[Data provided]
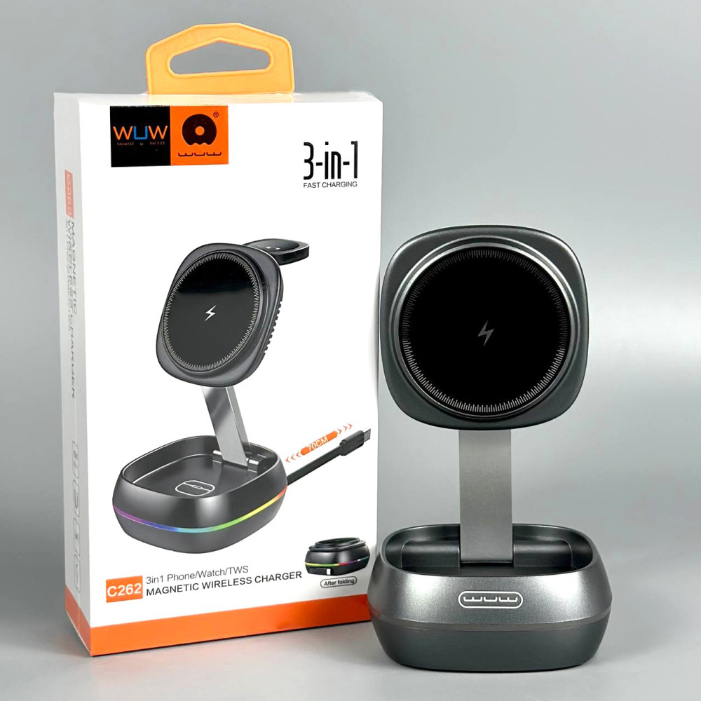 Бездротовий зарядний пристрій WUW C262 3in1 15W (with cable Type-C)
...
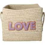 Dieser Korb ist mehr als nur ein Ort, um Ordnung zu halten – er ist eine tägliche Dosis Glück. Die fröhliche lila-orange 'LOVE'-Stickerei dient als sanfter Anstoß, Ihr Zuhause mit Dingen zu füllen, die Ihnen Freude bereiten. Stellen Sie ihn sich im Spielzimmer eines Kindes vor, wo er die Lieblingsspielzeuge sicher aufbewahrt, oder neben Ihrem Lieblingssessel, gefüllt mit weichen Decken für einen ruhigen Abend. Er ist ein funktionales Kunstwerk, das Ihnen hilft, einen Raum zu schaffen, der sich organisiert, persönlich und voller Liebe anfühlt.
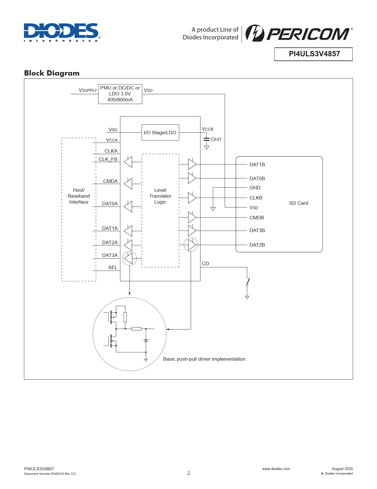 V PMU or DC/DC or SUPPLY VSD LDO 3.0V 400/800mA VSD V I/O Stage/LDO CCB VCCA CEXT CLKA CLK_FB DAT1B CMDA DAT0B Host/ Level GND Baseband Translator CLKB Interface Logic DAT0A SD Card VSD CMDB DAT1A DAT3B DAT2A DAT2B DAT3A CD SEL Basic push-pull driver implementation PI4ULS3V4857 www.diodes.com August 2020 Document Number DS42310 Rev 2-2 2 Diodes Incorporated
--
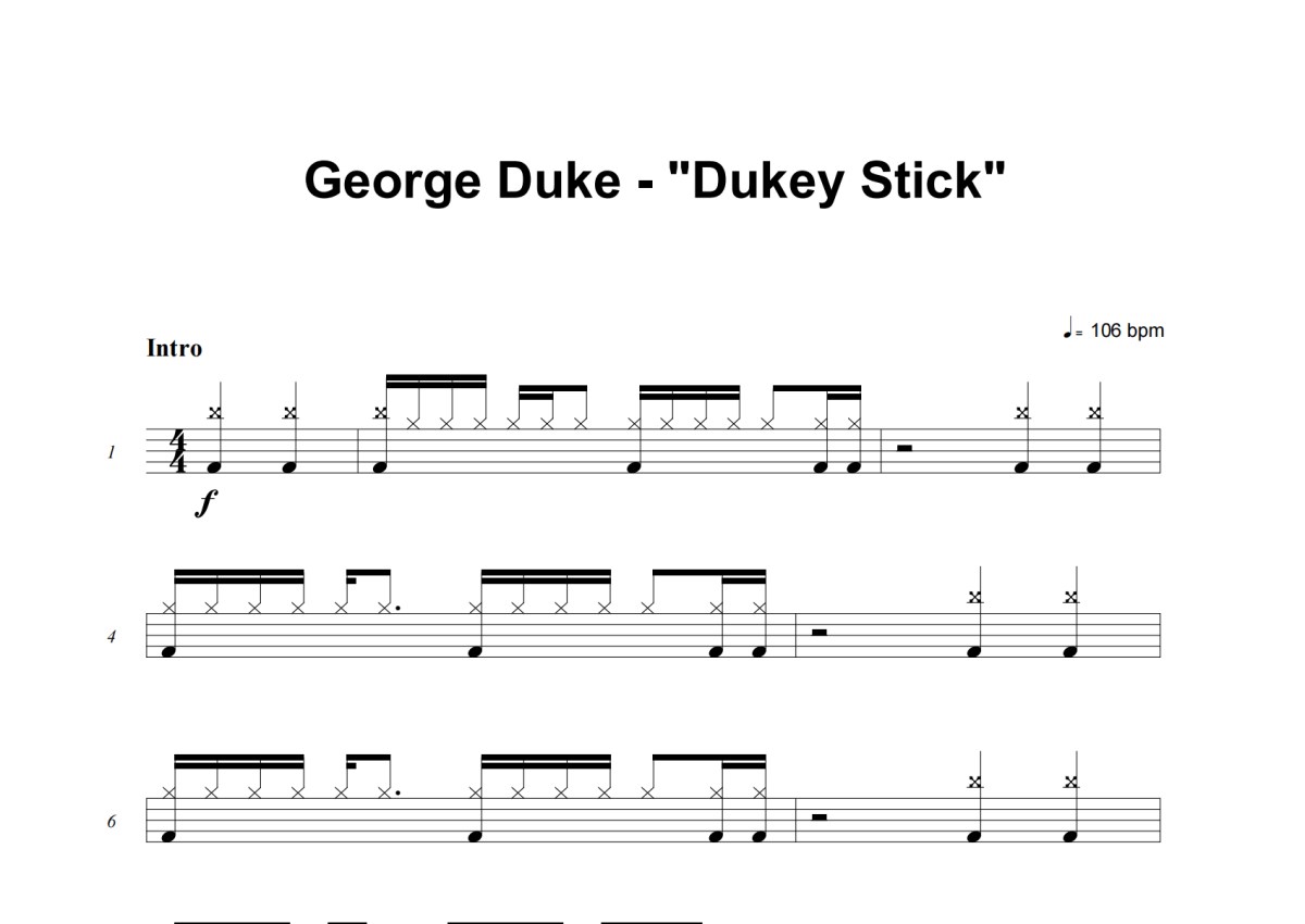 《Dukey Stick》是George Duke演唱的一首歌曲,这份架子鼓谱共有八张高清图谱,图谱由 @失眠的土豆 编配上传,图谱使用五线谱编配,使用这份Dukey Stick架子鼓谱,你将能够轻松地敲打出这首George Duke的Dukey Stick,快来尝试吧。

[Task to complete] The lines to set down run from the line with "Dieser Korb ist" up to and including the line with "V PMU or DC/DC" in the entries above. Reproduce them exactly, with no pictures.

[Solution to this exercise]
 Dieser Korb ist mehr als nur ein Ort, um Ordnung zu halten – er ist eine tägliche Dosis Glück. Die fröhliche lila-orange 'LOVE'-Stickerei dient als sanfter Anstoß, Ihr Zuhause mit Dingen zu füllen, die Ihnen Freude bereiten. Stellen Sie ihn sich im Spielzimmer eines Kindes vor, wo er die Lieblingsspielzeuge sicher aufbewahrt, oder neben Ihrem Lieblingssessel, gefüllt mit weichen Decken für einen ruhigen Abend. Er ist ein funktionales Kunstwerk, das Ihnen hilft, einen Raum zu schaffen, der sich organisiert, persönlich und voller Liebe anfühlt.
 V PMU or DC/DC or SUPPLY VSD LDO 3.0V 400/800mA VSD V I/O Stage/LDO CCB VCCA CEXT CLKA CLK_FB DAT1B CMDA DAT0B Host/ Level GND Baseband Translator CLKB Interface Logic DAT0A SD Card VSD CMDB DAT1A DAT3B DAT2A DAT2B DAT3A CD SEL Basic push-pull driver implementation PI4ULS3V4857 www.diodes.com August 2020 Document Number DS42310 Rev 2-2 2 Diodes Incorporated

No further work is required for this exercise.